Commercial fish landings of haddock in that region collapsed in the early 1960s and despite several attempts by the species to recover under the present management program in the early 1980s and again in 2004-5, recovery has not occurred. Similarly, cod which was severely overfished for several decades finally collapsed in the 1990s. Again there have been signs of slight recovery over the past two decades but it appears that other more sustainable management strategies need to be employed if these once major commercial fisheries resources are to have any opportunity to rebuild.
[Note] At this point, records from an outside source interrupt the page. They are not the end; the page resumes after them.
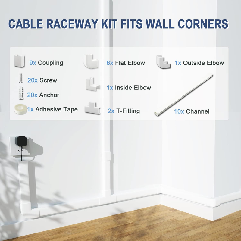 Our Cord Cover Raceway Kit includes 10 cable cover channels, 9 couplings, 6 flat elbows, 1 inside elbow, 1 outside elbow, 2 T-fittings, 20 screws, 20 anchors, and 1 adhesive tape. If there are any problems with our cord concealer, please feel free to contact us. We will do our best to ensure that you receive the best products and services.
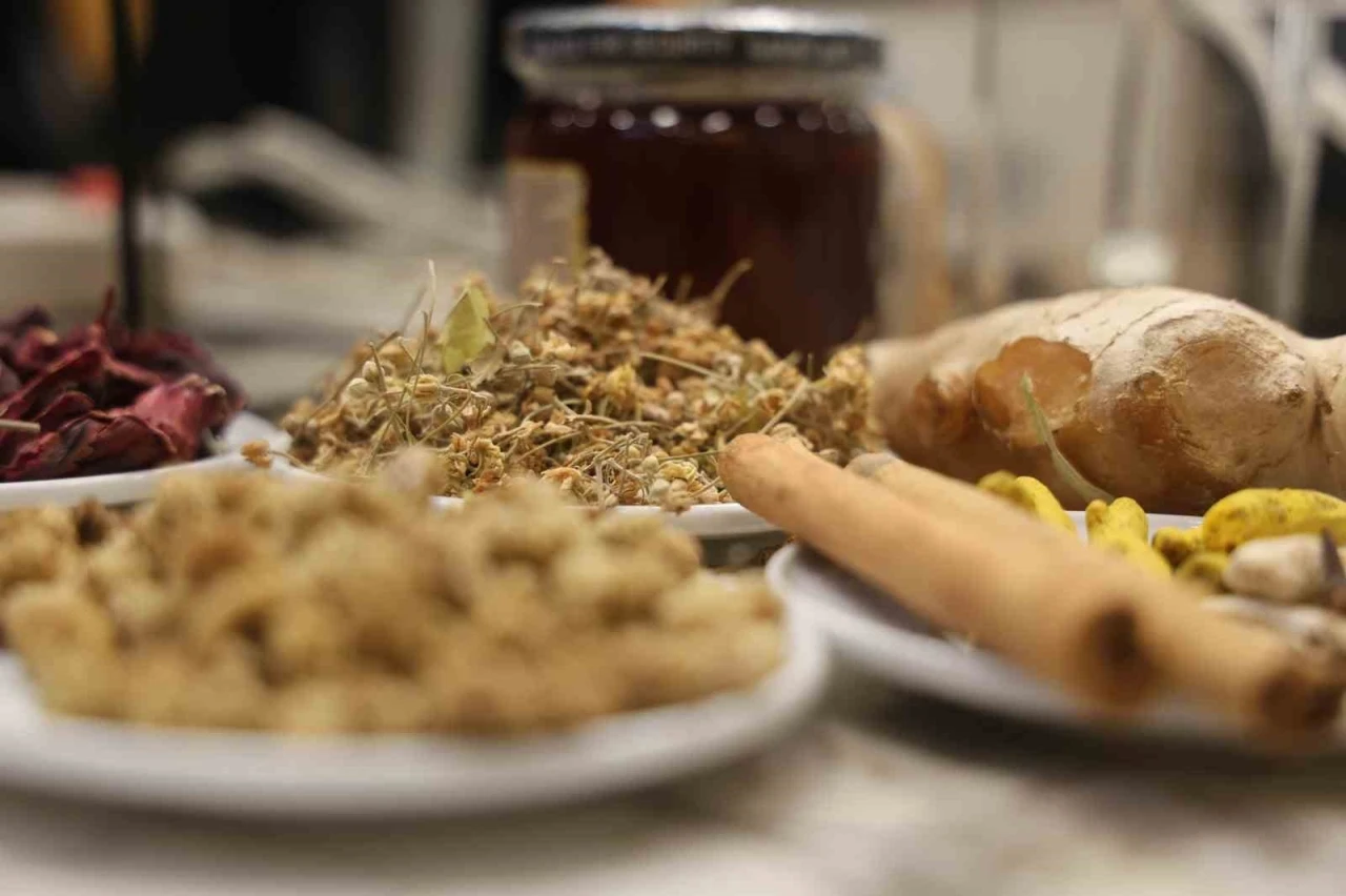 Havaların soğuması ile beraber vücut direncinin düştüğüne dikkat çeken Tıbbi ve Aromatik Bitkiler Teknikeri Şerife Akkuş, "Evlerimizde içimizi ısıtacak birkaç bitkiden bahsetmek gerekirse, özellikle çocuklarda da bu bokavirüsünden kaynaklı oluşan vücut direnci düşüklüğü, bağışıklık sistemi düşüklüğünden kaynaklı hem içi ısıtacak hem de vücut direncini arttıracak bitkiler var. Özellikle tıbbi ada çayı doğal antibiyotik olarak geçer. Boğaz enfeksiyonlarında kullanabileceğimiz harika bir çay. Tabii ki bu kış çayları arasında olmazsa olmazımız, çiçek ıhlamur, nadide bir üründür balla tatlandırıp tadı da efsane oluyor. Yanında hibiskus çiçeği narçiçeği olarak da bilinir, çok güzel bir renk verir, çocukların tadını severek içeceği bir ürün. Özellikle bu hastalıklara karşı vücut direnci düşüklüğüne, vücuttaki enfeksiyon oranı yüksekliğine, bunu düşürmek adına da beyaz dut kurusu, bu karışımın içerisinde birkaç tane dut kurusu atıp demleyip içmek faydası büyüktür. Karışımın olmazsa olmazı kök zencefil, bu taze halde var. O şekilde de tüketebiliriz ama bu çayımızın içerisine bir kök zencefil atmamız yeterli olur. Zerdeçal kökümüz ve çubuk tarçınımız, bunu da ortadan kırıp bir adet ekleyebiliriz. 3-4 tane anti-mikrobiyal özelliği olduğu için karanfil tanesinden atabiliriz" dedi. "Bağışıklık sistemine de bir kalkan oluşur"
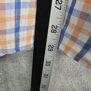 Mens Cremeux Classics Blue White & Orange Checkered Shirt 100% Linen Size M
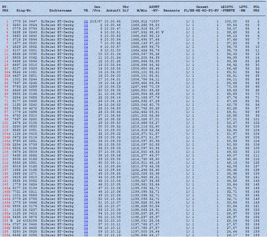 Eingesetzt wurden 165 Jungtauben. Mit einem Ergebnis von 48 RV-, 50 FG- und 40 RegV-Preisen absolvierte das Derby den 5. Preisflug.
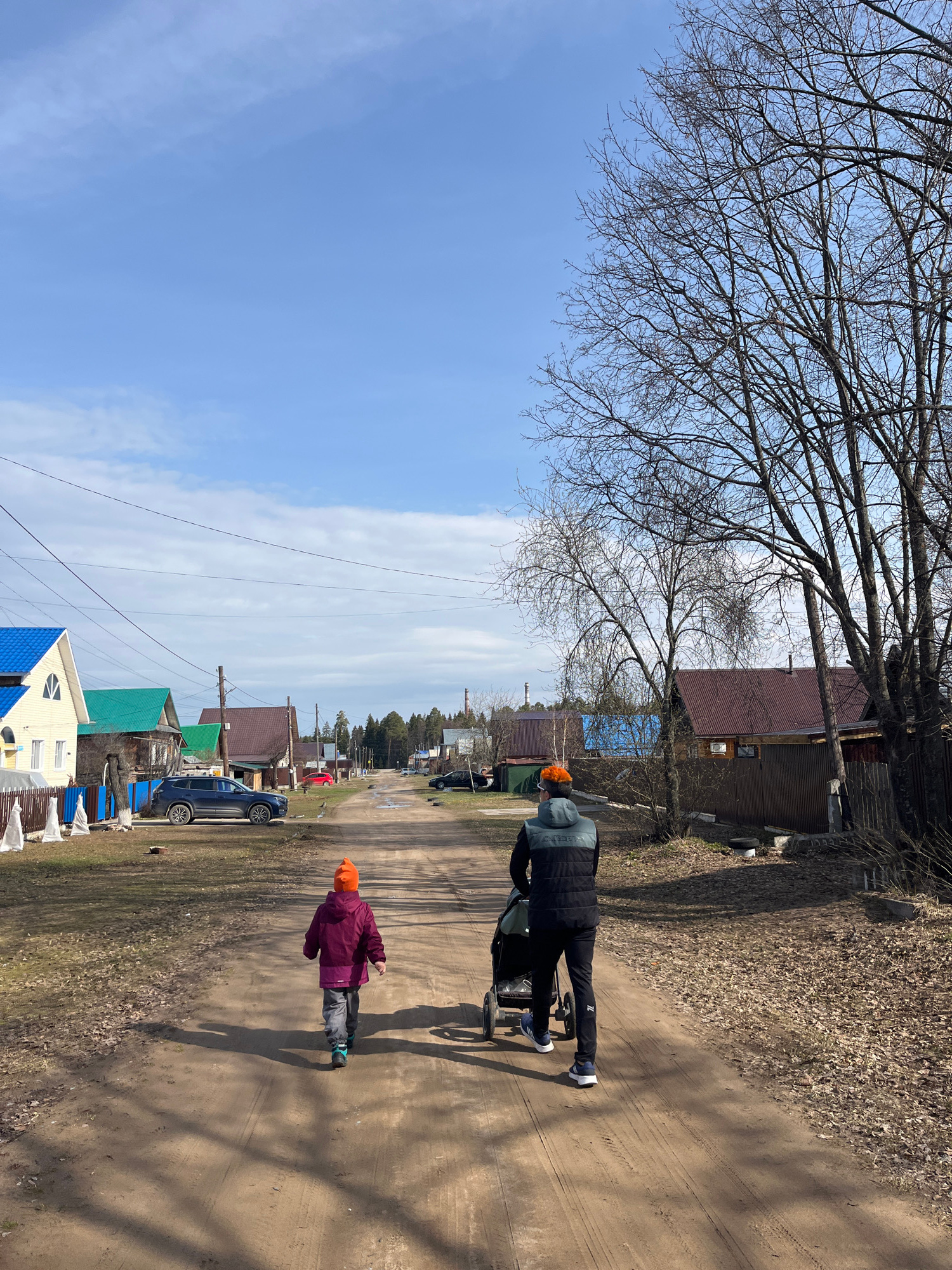 On a dirt road in what appears to be a rural or suburban area of Chaikovsky, Russia, two individuals are walking in the same direction. One person, clad in a dark jacket and dark pants, is pushing a s…read more
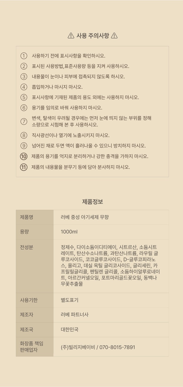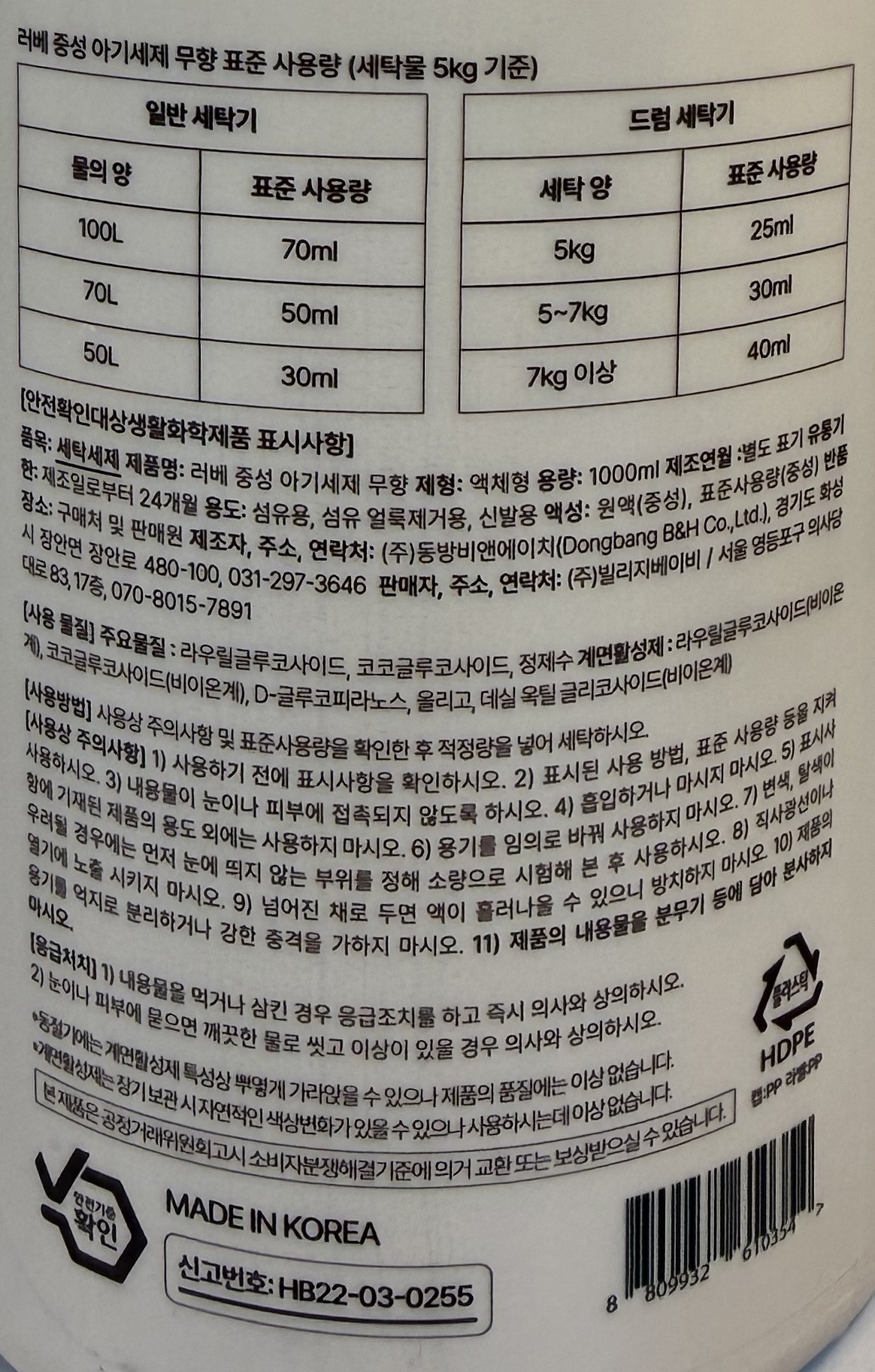 | 품목 및 제품명 | 세탁세제 / 러베 중성 아기세제 무향 | 용도(표백제의 경우 계열을 함께표시) 및 제형 | 섬유용, 섬유 얼룩제거용, 신발용 / 액체형 |

In that context we would encourage you and officials in your department to consider other proven recovery management options which will protect Vulnerable Marine Ecosystems in the area and provide the capacity for once abundant historic commercial ground-fish stocks to recover. We propose that NAFO and Canada reconsider the boundary for the existing marine protected area(MPA) and expand the MPA to foster protection, rebuilding, and recovery of the Vulnerable Marine Ecosystems, and the ocean web and commercial fish stocks which they support. To achieve that goal we recommend that the zone be re-adjusted from the existing 800 metre contour line to the 90 metre contour line. This would provide stability and protection for the extensive cold water corals beds and the spawning overwintering areas for groundfish that frequent the area. It would provide the opportunity for the abundant and biodiverse ecosystems which comprise the ocean food web in that area to grow and recover. Commercial groundfish species in the area would have the opportunity for long term recovery and the upwelling spillover effect of this recovery would be felt in other sections of the Grand Bank both inside and outside the 200 mile economic zone.
Fred Winsor( PhD. North-west Atlantic fisheries history)
Sierra Club Canada
St. John's, Newfoundland
Edinger, E. Krista Baker, Rodolphe Devillers, Vonda Wareham, Coldwater Corals off Newfoundland and Labrador: Distribution and Fisheries Impacts, WWF-Canada; Toronto, Canada; 2007
Hodder, V.M. “Assessments of the Effects of fishing and of the increases in the mesh size of trawls on the major commercial fisheries of the Newfoundland area ICNAF sub-area 3,”Msc. Thesis, Memorial University St. John's, Newfoundland, 1962.
Hodder, V.M. “The possible effects of temperature on fecundity of Grand Bank haddock,”ICNAF Special Publication No. 6, Rome, Italy, 1964.
Hodder, V.M. R. Chaulk and L.N. Cluett Length and Age composition of Haddock Landings from the Newfoundland Area by Canadian Trawlers 1953-64, Fisheries Research Board of Canada, Technical Report No. 170, Biological Station, Fisheries Research Board of Canada, St. John's, Newfoundland, 1970.
Templeman, Wilfred and V.M. Hodder “Distribution of haddock on the Grand Bank in relation to season, depth and temperature,”Special Publication No. 6, International Commission for the North-west Atlantic Fisheries Environmental Symposium, No. A-8, Rome, Italy; 1964.
Templeman, Wilfred and V.M. Hodder “Distribution of haddock on St. Pierre Bank(ICNAF division 3Ps) by season, depth and temperature,”Special Publication No. 6, International Commission for the North-west Atlantic Fisheries Environmental Symposium, No. A-9, Rome, Italy; 1964.